The reason why the post had been modded down...and why it should still be, even if it is not...is because the whole point of it is ridiculous. For a soccer mom to avoid nations with shaky economies? Fine, if a bit wimpy. But for large-impact entities...be they people or simply influential people at large organizations...to shun safe areas in third-world countries because of petty crime is entirely infeasible, self-defeating, and frankly smacks of the armchair thinking of someone who has never ventured outside middle America. The world is global; that's how it is now.

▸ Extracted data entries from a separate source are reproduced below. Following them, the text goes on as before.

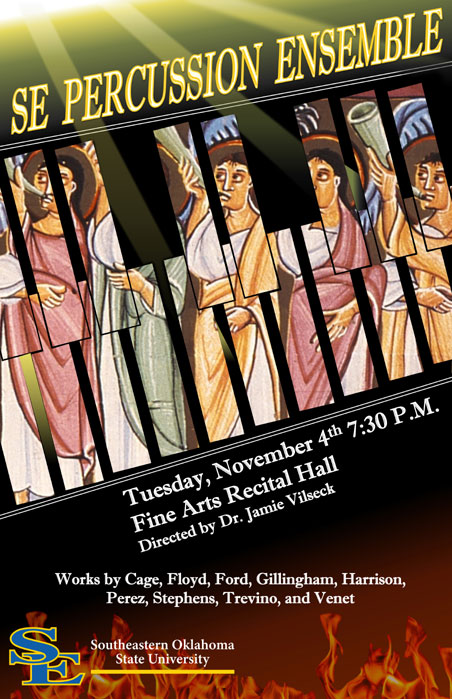 Durant, Okla. – The Southeastern Oklahoma State University Department of Performing Arts will present the Southeastern Percussion Ensemble on Tuesday, November 4, 2025, at 7:30 p.m. in the Fine Arts Building Recital Hall. Admission is free and open to the public.
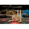 - Association parfaite de l’ogive, la longueur de la pointe et de la surface portante de la balle sur les rayures. L’arrière fuyant de la balle est optimisé pour chaque calibre.
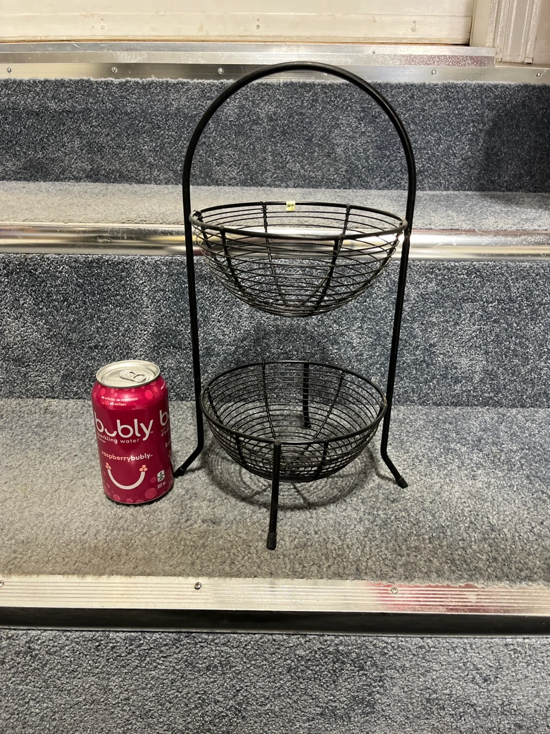 15Selling a cute black metal two-tier basket stand! It's perfect for storing fruits, vegetables, or other household items. It's in great condition and ready for a new home
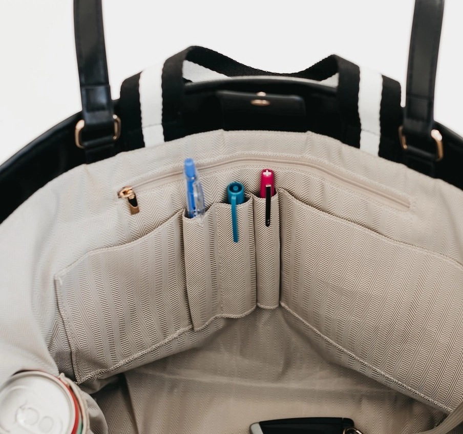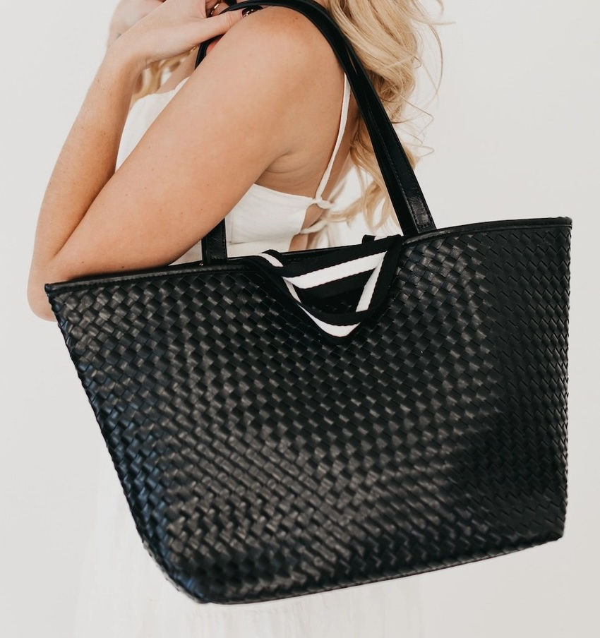 This must have bag is made from high quality woven vegan leather and includes a vegan leather shoulder strap, a canvas striped hand strap, and a snap closure. Inside the bag, you will find a variety of organizational features including 2 side water bottle pockets, a zipper pocket, many pockets, a key leash, and a secured laptop sleeve. This bag will be your new everyday go-to! Approximately 21"L x 7"W x 11.5"H.
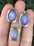 Комплект с основой из мельхиора и вставок из синт.лунного камня. Высота серьги 1,7см, размер кольца 17, размер вставок 1,4х1см. На одной серьге вокруг вставки присутствует незначительное потемнение металла (в глаза не бросается,учтено в цене).
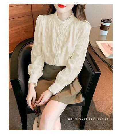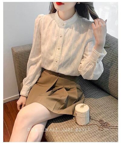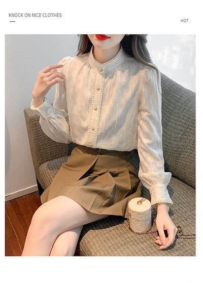 【48時間タイムセール】レースブラウス レディース 長袖 シャツ スタンドカラー 総レース シャツブラウス スーツインナー トップス フォーマル オフィス ビジネス 立ち襟 通勤 カジュアル OL

For your security, this post has been encrypted with ROT-13, twice.
As someone how lives in buenos aires, I must tell you; you're quite wrong.
I know which places to go to, and which no to go to. If you take a wrong turn, and walk 4 blocks down the wrong street, it might be your last wrong turn. Or you might just get mugged.
I had a friend who got mugged waiting for the bus on their first trip to BA. It wan't just her though; it was the entire line of people waiting for the bus. Inside the main Terminal in Retiro, Buenos Aires.
It's a mix... you have a small area that's first-world-ish, and the area next to it is almost third-world-ish.
Well, Mexico is technically in North America. Nevertheless, what's happening in mexico (drug killings) isn't new.
I'm not saying Argenina is a great economy, but I hate being compared to Somalia or whatever. Whenever someone mentions that living in Argentina is "bad" I just let pictures talk:
http://img301.imageshack.us/img301/1020/catalinas2.jpg
http://img25.imageshack.us/img25/3406/096catalinasnorte.jpg
https://ayudabuenosaires.files.wordpress.com/2011/02/obelisco-av-9-de-julio.jpg
I know that's just the capital, and things are MUCH better there. But I'll start to worry the day it stops looking as shiny as now.